Disruptive shocks to the global economy are likely to become more frequent and cause greater economic and societal hardship. The economic spill-over effect of events like the financial crisis or a potential pandemic will grow due to the increasing interconnectivity of the global economy and speed with which people, goods and data travel, according to a new OECD report.

“Future Global Shocks” analyses five potential major risks in the years ahead: a pandemic, a cyber attack disrupting critical infrastructure, a financial crisis, socio-economic unrest and a geomagnetic storm.

The growing threat of a pandemic was highlighted by the SARS outbreak in 2002, which spread quickly from Hong Kong around the world as travellers caught the virus and then flew home. The increasing number of heavily populated megacities, notably in Asia, exacerbates the risk, particularly in business travel, tourism and migration hubs like Dhaka, Manila and New Delhi.

New antibiotics are desperately needed to keep pace with the rising development of bacteria that are drug-resistant, according to the report. Tax incentives and fast-tracking patents may encourage firms to invest, given the very high costs of antibiotic drug development.

The report also details how wildfires that destroyed a fifth of Russia’s wheat crop in 2010 led to price spikes in global food markets, which eventually triggered social unrest in the Middle East. It shows how Russia’s internal policy response to fears of domestic food shortages – a controversial export ban - combined with floods in Australia and Canada to generate price hikes worldwide.
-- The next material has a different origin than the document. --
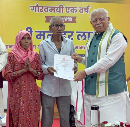 चंडीगढ़। हरियाणा सरकार के तीसरे कार्यकाल का एक वर्ष पूर्ण होने के उपलक्ष्य में आज शुक्रवार को फरीदाबाद में जिला स्तरीय ‘जन विश्वास-जन विकास’ समारोह का भव्य आयोजन किया गया, जिसमें केंद्रीय ऊर्जा, आवास एवं शहरी कार्य मंत्री श्री मनोहर लाल मुख्य अतिथि के रूप में उपस्थित रहे। इस समारोह की शुरुआत मुख्यमंत्री ग्रामीण आवास योजना 2.0 के तहत लाभार्थियों को 50-100 वर्ग गज के प्लॉट आवंटन पत्र वितरित करके की गयी। केंद्रीय ऊर्जा, आवास एवं शहरी कार्य मंत्री श्री मनोहर लाल ने कहा कि हरियाणा सरकार द्वारा आज प्रदेशभर में लगभग 9000 पात्र लाभार्थियों को 50-100 गज के प्लॉट आवंटित किए गए हैं। उन्होंने कहा कि यह योजना राज्य सरकार की एक विशेष पहल है, जिसके माध्यम से गरीब एवं जरूरतमंद परिवारों को स्थायी आवास उपलब्ध करवाने की दिशा में बड़ा कदम उठाया गया है।

Experts today recognize that high food prices provided a tipping point for the protest movements that have raged across the Middle East and North Africa.

While large-scale disasters provide a point of reference for government planning, global shocks would have far more dramatic consequences. They will require new approaches that improve international co-operation and co-ordination, the OECD says. Policy makers should:
- Step-up efforts to acquire and share data and a variety of simulation models to better anticipate and assess potential shocks;
- Increase resources allocated to surveillance and monitoring of threats and early warning systems;
- Take an internationally co-ordinated approach that reduces or stops threats before they proliferate worldwide;
- Improve international co-operation and incentives to promote diversity in critical systems;
- Enhance multi-stakeholder partnerships, information sharing, consultations, capacity building stress tests, and drills.